When I began teaching the classes, I lost some of this mental space because I became the one responsible for cuing the drills, keeping time, and pacing the class. But even then, I left class feeling better. Sweating is both a physical and emotional catharsis, I think.

I've branched out of the cycling room this month into a variety of other classes--Zumba, Pilates/Yoga, a ballet-based strength class--and I feel that same rush of possibility I felt when I first pedaled a spin bike. It's good to be the student again, and to push my body in new ways. I'm reminded that physically challenging myself does more than make my body stronger. It makes my mind stronger. It makes my spirit stronger. It lends perspective to every other aspect of life.

I think God made us this way.

There's a reason research shows exercise helps not just the health of the heart and lungs and muscles but the brain and mental health, too. When we cease to use, to challenge, to push our bodies, I wonder if we sacrifice one of the vehicles through which God reveals himself to us.

Jesus was the Word made flesh. To enter our reality, to draw us to himself, to accomplish the redemption of the world, he assumed our anatomy. When Jesus hungered and thirsted in the desert, when he stayed up all night praying, when he carried his cross, when his back was beaten, when his flesh was pierced--those events were every bit as spiritual as they were physical.

The body is more than mere bones and nerves and muscle and skin. Our body, our flesh, is the vessel through which our spirit experiences the world. Through our physical body, we give. Through our physical body we receive. Through our physical body, we come to understand Love.

To live fully, we must move.

Tuesday, November 15, 2011

Two Perfect Minutes

Sitting on my lap in the same yellow rocking chair in which I rocked him as a baby, Ben read me the book he brought home from school: Henry and Mudge and the Forever Sea.
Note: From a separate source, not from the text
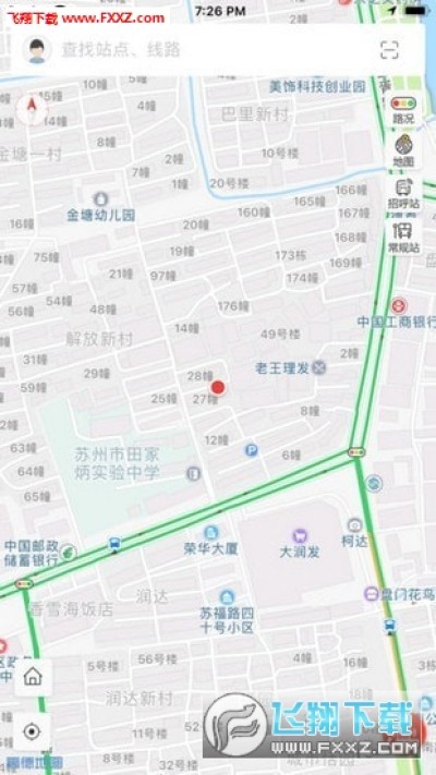 点击首页的“我要出行”,出现了一张地图,点击地图右上方的“路况”“地图”“常规站”“招呼站”,可以分别显示用户当前位置附近的路况、影像地图、常规公交站点(红色圆点)和微巴站点(黄色圆点)。

The series of books, written in simple yet lovely language for the early reader, chronicle the adventures of a young boy and his giant, drooly pup, Mudge.

These books have been Ben's favorite since we discovered them at the library over the summer. Now that we have our own giant dog, Merlot, Ben understands the canine nonchalance of Mudge, who--in the midst of Henry's escapades--remains faithful to his doggy nature: eating, sleeping, licking, snuggling, and maintaining a gentle loyalty to his boy. These behaviors usually appear in contrast to the activities of the humans in the story, to subtle comic effect. The humor is never lost on Ben.

So last night before bed, we're in the chair together, and I'm marveling at the ease and fluency with which he reads this book that at one time would have been challenging, when Ben reaches a page where Henry and his father are making sand castles at the beach. The author narrarates their contributions: Henry's father made the towers, Henry made the moats, and Mudge, true to form, makes a bed and goes to sleep. 

Something about this line tickled Ben's sensibilities, causing him to chuckle, then giggle, and then laugh, uncontrollably. Delight consumed his little face, which turned crimson from breathlessness. I couldn't help but laugh along, watching his eyes turn up with exuberance. When he finally pulled himself together and turned the page, he fell into another fit of laughter at the sight of Henry's dad's rubber lobster on top of the sand castle, poised like a flag. This time, he giggled so hard he doubled over, rocking back and forth in hysterics. 

It was two of my favorite minutes of parenting. Ever.

To witness him reading, to contemplate the growth that has occurred in six years, to see him connect so strongly with this sweet story, and to share in the joy of all his skills and experiences converging in complete understanding--it was the kind of moment I wish I could bottle to pull out on days when my soul needs some joy. 

More and more lately, I find myself watching this little boy with wonder. Parenting, at times, is like slowly unwrapping a gift in which I discover, little by little, how thoughtfully and purposefully these little people were given, and how perfectly they fulfill the desires of my heart.